To avoid the ricks from the mismatched struct ConnectionType, the module side check the version strictly(so does valkey-tls.so) like:

    /* Connection modules MUST be part of the same build as valkey. */
    if (strcmp(REDIS_BUILD_ID_RAW, serverBuildIdRaw())) {
        serverLog(LL_NOTICE, "Connection type %s was not built together with the valkey-server used.", CONN_TYPE_RDMA);
        return VALKEYMODULE_ERR;
    }

Once the core connection abstraction changes, all the connection types should do compat work, this rule is also applicative for rdma. I volunteer to maintain this rdma support.

PS: I have experience on open source community like Linux kernel, QEMU, Redis, SPDK, libiscsi, tgt, atop, utils-linux and procps-ns.

Is it possible to use TLS with RDMA?

As far as I can see, we can't use TLS with RDMA currently. I read document of openssl Abstract Record Layer, TLS with RDMA is workable in theory. But it would be amount of work.

pizhenwei avatar May 27 '24 02:05 pizhenwei

@pizhenwei Thanks for your contribution and @hz-cheng Thanks for your perfect number.
First, I need to say I like this feature. But I have 3 curious points here

  1. In the RDMA.md, you mentioned that Valkey Over RDMA is only supported by Linux, I am not sure if it is supported by Centos and MacOS? Or you mean it is not supported by Windows?

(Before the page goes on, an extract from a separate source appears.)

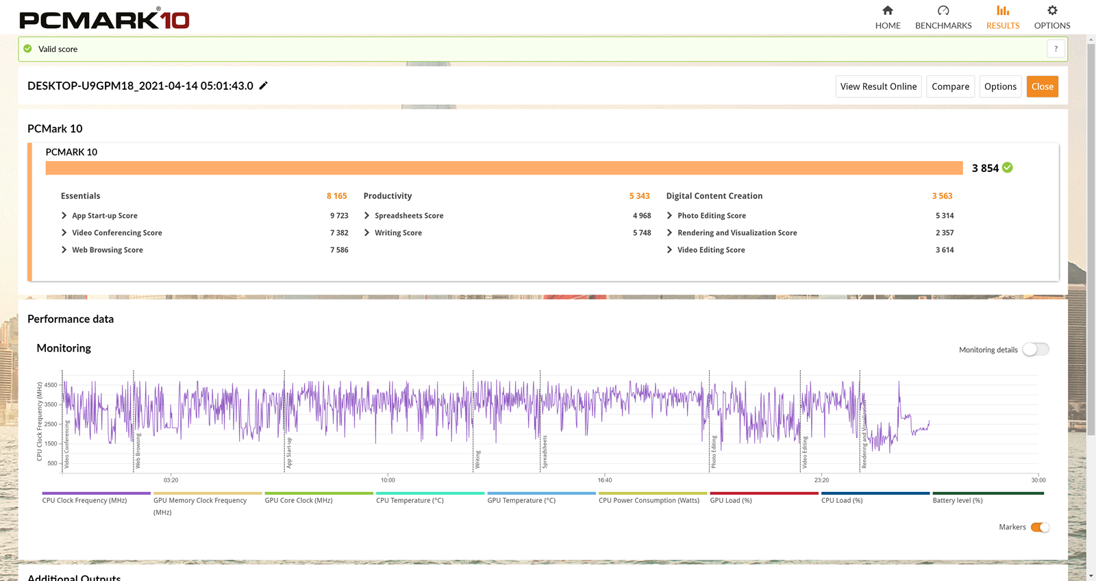 測試最新的 PCMark 10 測試軟體,HP Elite Dragonfly G2內建 32GB 記憶體與高速 SSD 的配置,對於一般商用與家用都十分足夠,PCMark 測試會模擬各種情景包含了辦公軟體處理、影像處理、影片播放剪輯等各種模擬筆電工作的測試,這裡也提供完整測試成績給大家參考。

  2. Is there possible to integrate with core codes directly instead of working as a module in Valkey? any risky or difficulty?

  3. You mention both RDMA and TCP enable at the same time? Is there any benefit for it? it means some specific clients or replica nodes connect to RDMA port? Could you please describe a little bit more? Thanks

Let's core team member discuss this important feature, and send you feedback ASAP, Thanks

hwware avatar May 28 '24 18:05 hwware

@pizhenwei Thanks for your contribution and @hz-cheng Thanks for your perfect number. First, I need to say I like this feature. But I have 3 curious points here

  1. In the RDMA.md, you mentioned that Valkey Over RDMA is only supported by Linux, I am not sure if it is supported by Centos and MacOS? Or you mean it is not supported by Windows?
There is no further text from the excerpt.